(Source data)
____________

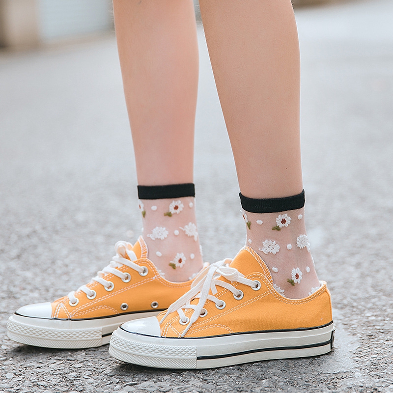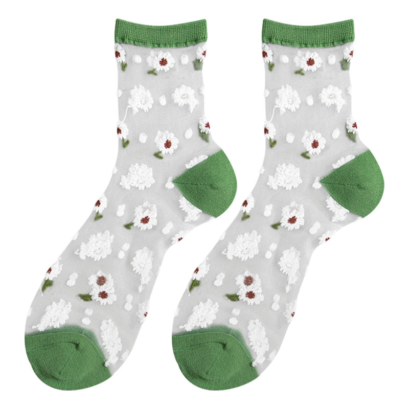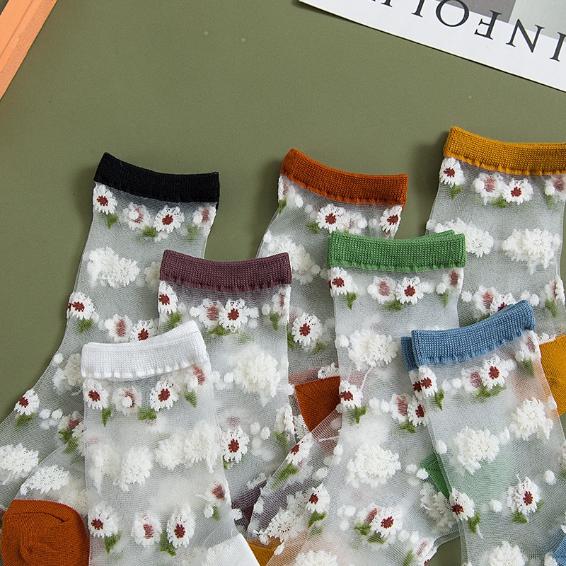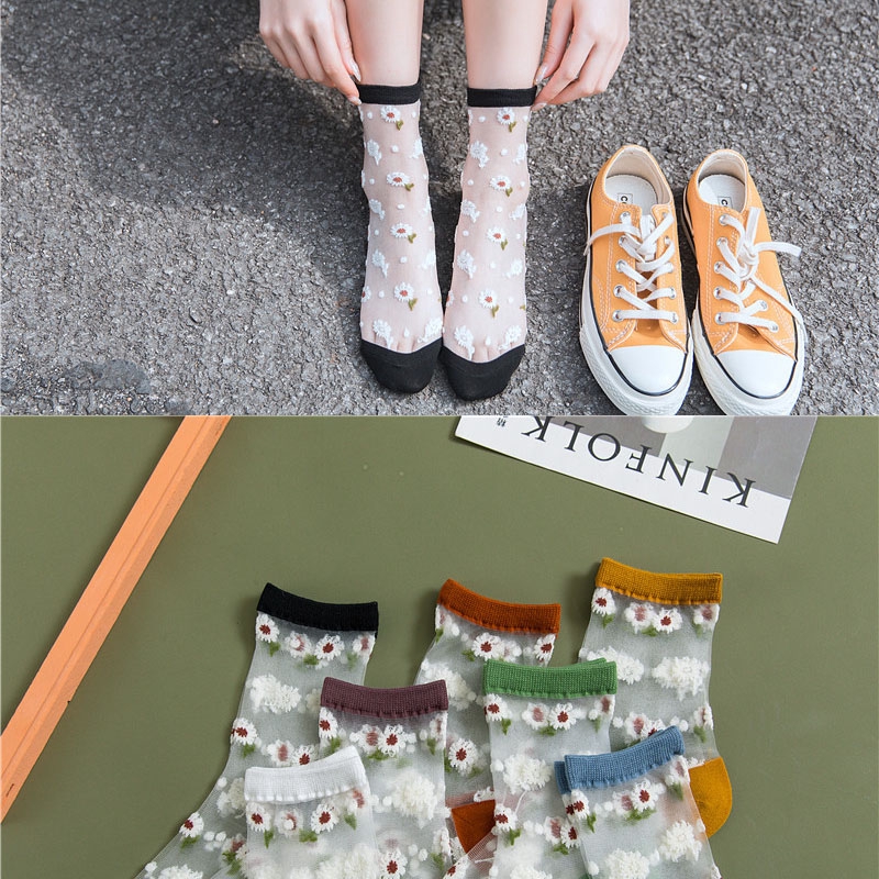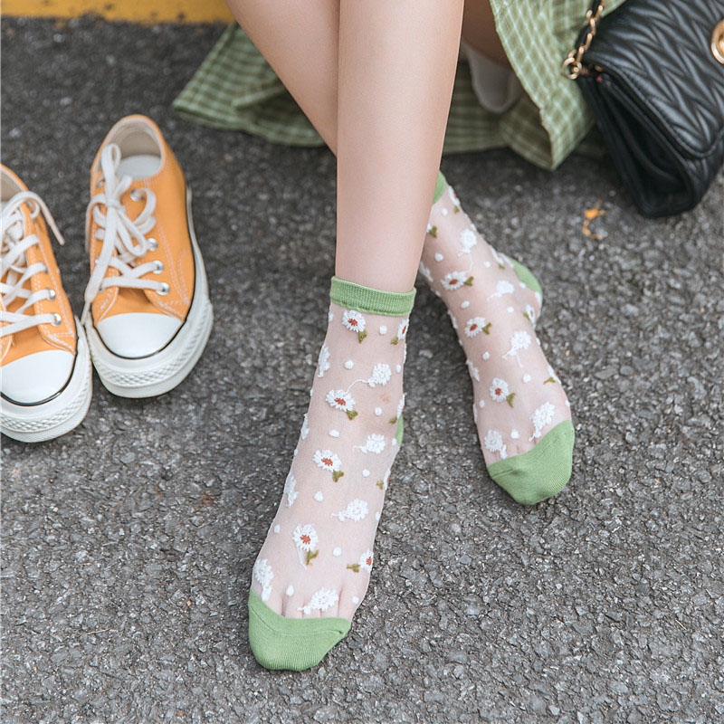 Giới thiệu Flowers Fishnet Sheer Socks Summer New Fashion Ultra-thin Transparent Glass Silk Ladies Tulle Socks Lace Cool Sexy Women Socks
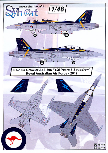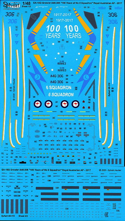 For the Centenary of 6 Squadron in 2017, one of these brand-new Growlers, A46-306, received a special scheme with night blue spine and fins, and with a large yellow boomerang, the insignia of the squadron for 100 years.
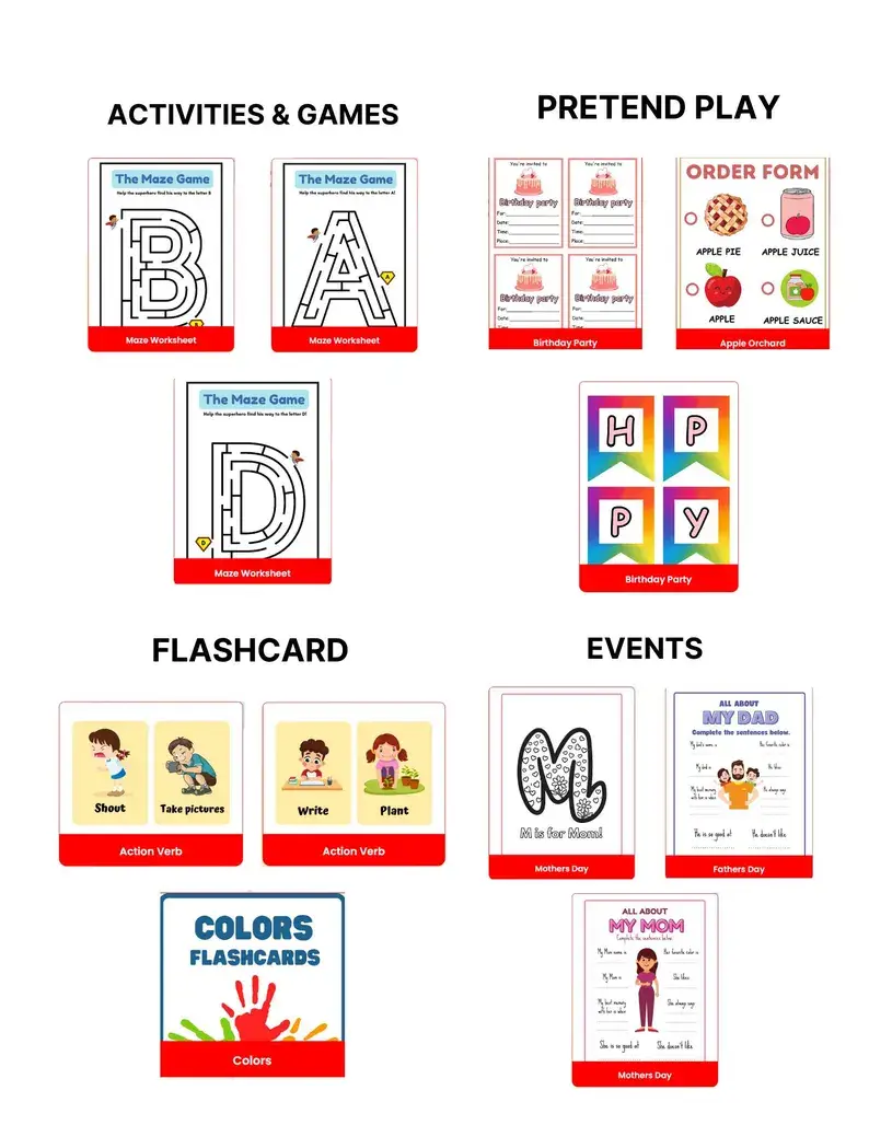 This extensive bundle covers essential topics such as the alphabet, numbers, shapes, and colors, providing a solid foundation for young learners. Each activity is carefully crafted to engage and inspire curious minds, fostering a love for learning from an early age.
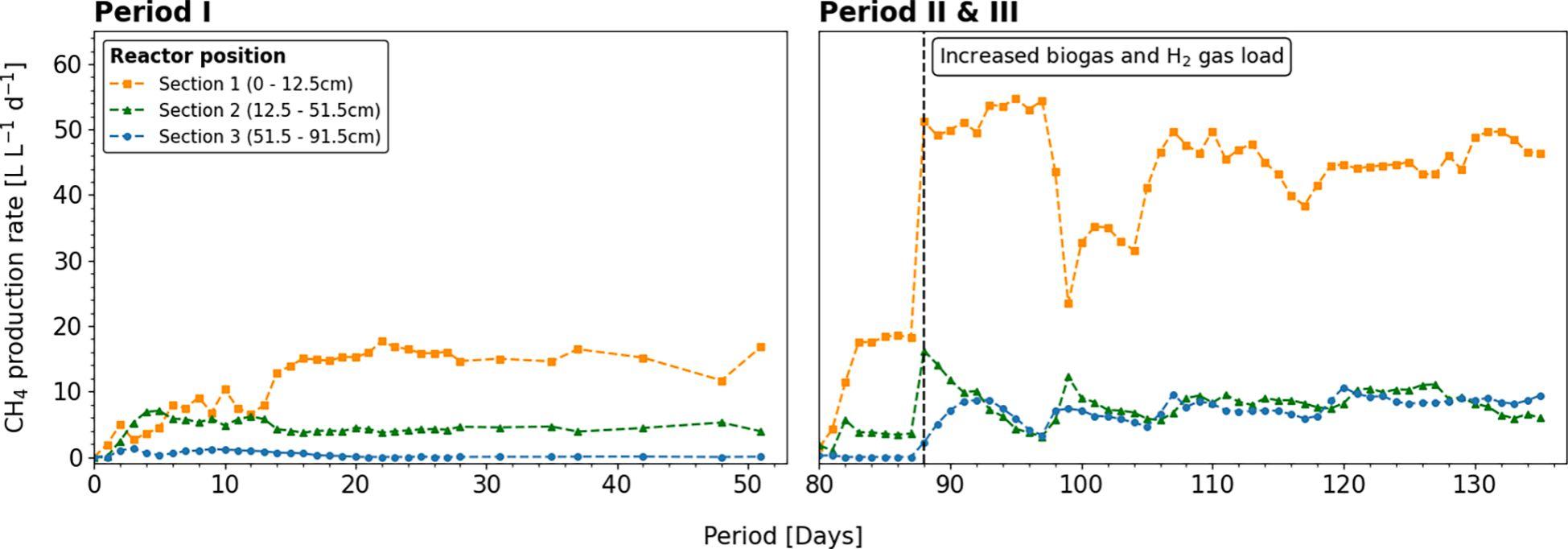 圖3、135天操作期間,在滴流床反應(yīng)器垂直軸線上不同位置的傳感器測量的局部甲烷生產(chǎn)能力時間序列數(shù)據(jù)(基于連續(xù)的氫氣傳感器和定期的氣體成分及流量測量):第1段(0–12.5厘米),第2段(12.5–51.5厘米),第3段(51.5–91.5厘米)。每個數(shù)據(jù)點代表1440次測量的平均值(每分鐘1次測量)。
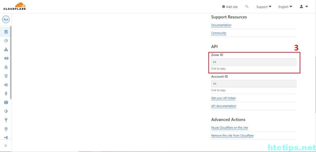 Cuộn xuống phía dưới, mục API. Lúc này, sao chép Zone ID và dán vào zone_identifier trong đoạn script.
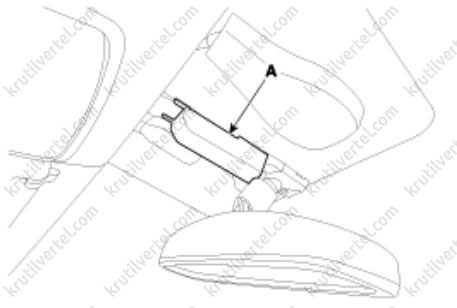 1. Снимите крышку (А) внутреннего зеркала заднего вида.
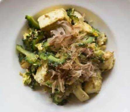 ▲“冲绳料理”之苦瓜杂炒,由蔬菜、豆腐、苦瓜等材料炒制而成,与中国方法相似,“苦瓜杂炒”在炒的时候也要加上鸡蛋
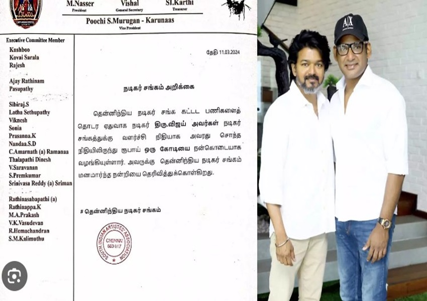 ಕಲಾಸಂಘದ ವತಿಯಿಂದ ಕಟ್ಟಲಾಗುತ್ತಿರುವ ಕಟ್ಟಡಕ್ಕೆ ವಿಜಯ್, 1 ಕೋಟಿ ರೂಪಾಯಿ ದೇಣಿಗೆ ಕೊಟ್ಟಿದ್ದಾರೆ. ಈ ಸಂಘದ ಅಧ್ಯಕ್ಷರಾಗಿರುವ ನಿರ್ಮಾಪಕ, ನಟ ವಿಶಾಲ್, ವಿಜಯ್ ಅವರ ಸಹಾಾಯಕ್ಕೆ ಧನ್ಯವಾಾದ ಹೇಳಿದ್ದಾರೆ. ಥ್ಯಾಂಕ್ಯೂ ಎನ್ನುವುದು ಸಣ್ಣ ಶಬ್ದವಾಗುತ್ತದೆ. ಆದರೆ ಸಹೃದಯದಿಂದ ಸಹಾಯ ಮಾಡಿದವರಿಗೆ ಇದು ಬಹುದೊಡ್ಡ ಪದ. ವಿಜಯ್ ಅವರ ಸಹಾಯವಿಲ್ಲದೇ, ನಮ್ಮ ಕೆಲಸ ಮುಂದುವರೆಯುವುದಿಲ್ಲವೆಂದು ನಮಗೆ ಗೊತ್ತಿತ್ತು. ವಿಜಯ್ ಅವರು ನಮಗೆ ದೇಣಿಗೆ ನೀಡಿ, ನಮ್ಮ ಕೆಲಸಕ್ಕೆ ಇಂಧನ ತುಂಬುವ ಕೆಲಸ ಮಾಡಿದ್ದಾರೆಂದು ಬರೆದುಕೊಂಡಿದ್ದಾರೆ.
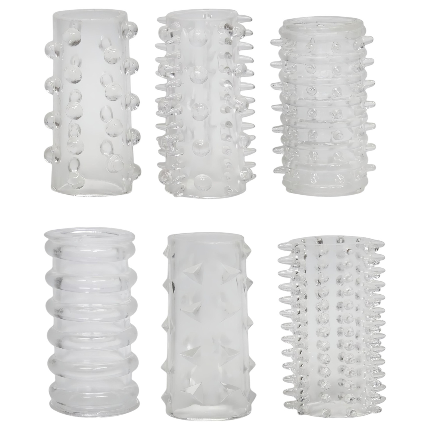 Ce set de 6 cockrings aux textures différentes est parfait si tu veux booster ta fermeté, ton endurance et offrir à ton/ta partenaire une stimulation supplémentaire. Les variations de rainures et de petites bosses apportent encore plus de sensations, tandis que la matière ultra souple reste confortable, peu importe la taille.
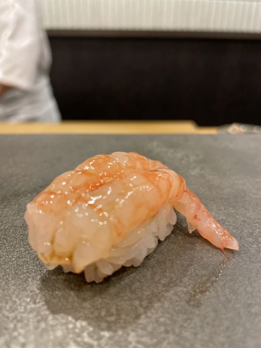 The 6th sushi is a raw sweet prawn (ama-ebi). Soft, glossy, and incredibly sweet. Almost creamy, with a light crunch at the start, tasting like cold seawater touched with sugar.
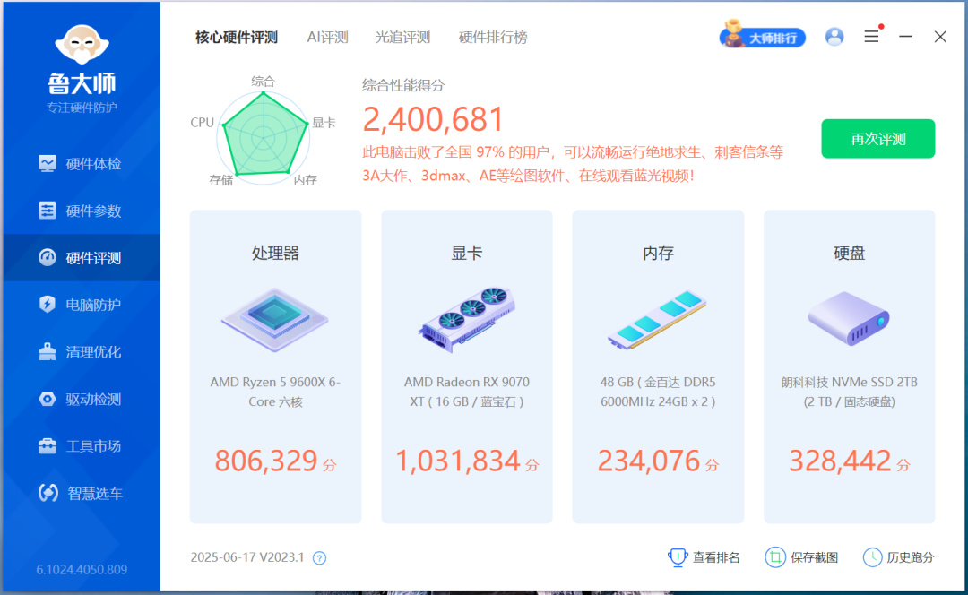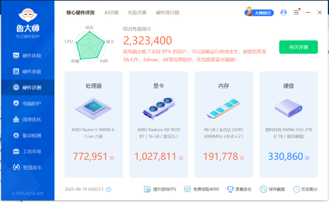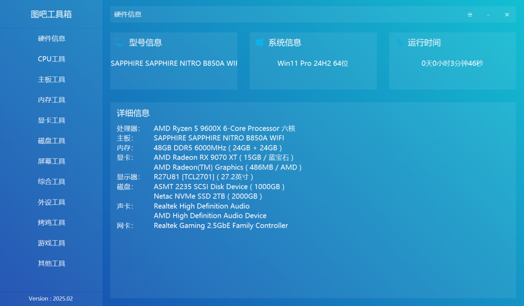 显卡使用的是蓝宝石RX 9070 XT 16G氮动,性能强悍,整机配置如下。
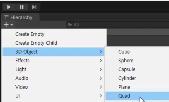 하이라키+를 눌러 Quad를 추가하고 indicator로 이름을 바꾼다
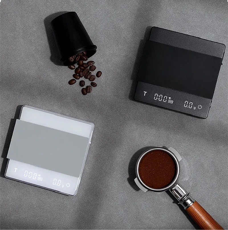 The mini digital kitchen scale is a practical assistant for all coffee lovers who want to achieve perfect flavour with every brew. With its compact dimensions and modern features, it is ideal for both home and professional environments. The scale allows for precise weighing of coffee beans, ground coffee, and other ingredients. The integrated timer helps monitor extraction time, ensuring consistent results when preparing espresso or filtered coffee.
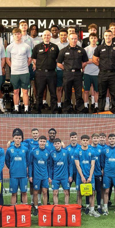 Firefighters from East Dunbartonshire recently shared CPR training and defibrillator guidance with Rangers and Celtic B Team players and coaches.
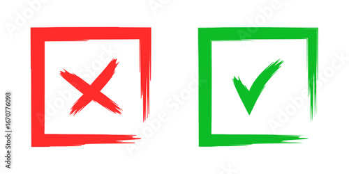 Red Cross Square, Green Check Square, Correct Wrong Symbol, Approval Mark Icon
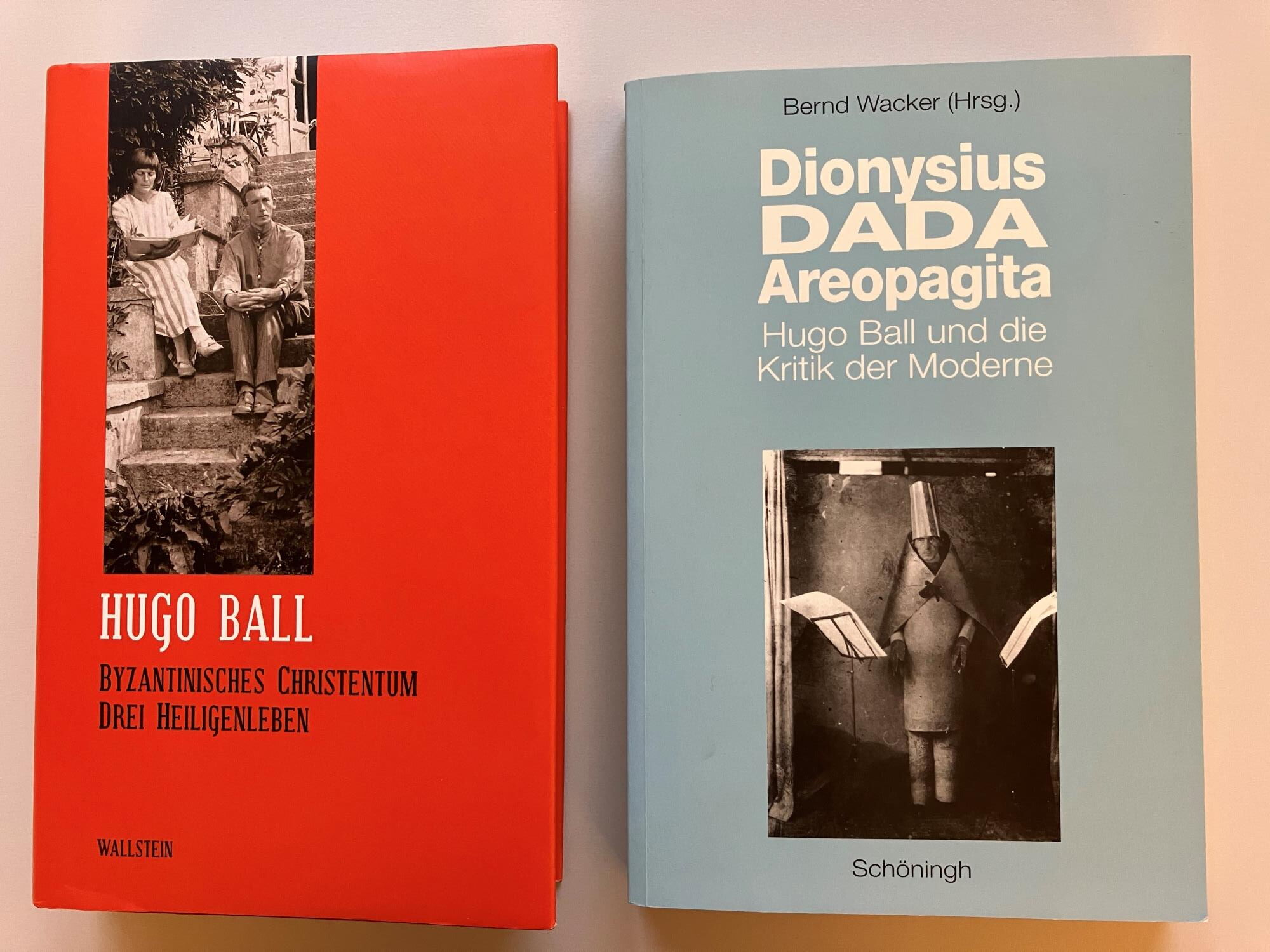 Anhang: Dieser Text ist ein Kurzkommentar zur Vitrine über Hugo Ball im Eingang zur Bibliothek. Er stützt sich vor allem auf: Hugo Ball, Sämtliche Werke und Briefe. Band 1.: Die Flucht aus der Zeit. (2018); Band 5: Die Folgen der Reformation. (2005); Band 7: Byzantinisches Christentum. Drei Heiligenleben. (2011); Bern Wacker, Hg., Dionysius DADA Areopagita. Hugo Ball und die Kritik der Moderne. (1996).

____________

PROBLEM TO SOLVE:
Repeat the records above exactly, from the first line through the line that contains "圖3、135天操作期間,在滴", and leave out the pictures.

RESULT OF THIS EXERCISE:
 Giới thiệu Flowers Fishnet Sheer Socks Summer New Fashion Ultra-thin Transparent Glass Silk Ladies Tulle Socks Lace Cool Sexy Women Socks
 For the Centenary of 6 Squadron in 2017, one of these brand-new Growlers, A46-306, received a special scheme with night blue spine and fins, and with a large yellow boomerang, the insignia of the squadron for 100 years.
 This extensive bundle covers essential topics such as the alphabet, numbers, shapes, and colors, providing a solid foundation for young learners. Each activity is carefully crafted to engage and inspire curious minds, fostering a love for learning from an early age.
 圖3、135天操作期間,在滴流床反應(yīng)器垂直軸線上不同位置的傳感器測量的局部甲烷生產(chǎn)能力時間序列數(shù)據(jù)(基于連續(xù)的氫氣傳感器和定期的氣體成分及流量測量):第1段(0–12.5厘米),第2段(12.5–51.5厘米),第3段(51.5–91.5厘米)。每個數(shù)據(jù)點代表1440次測量的平均值(每分鐘1次測量)。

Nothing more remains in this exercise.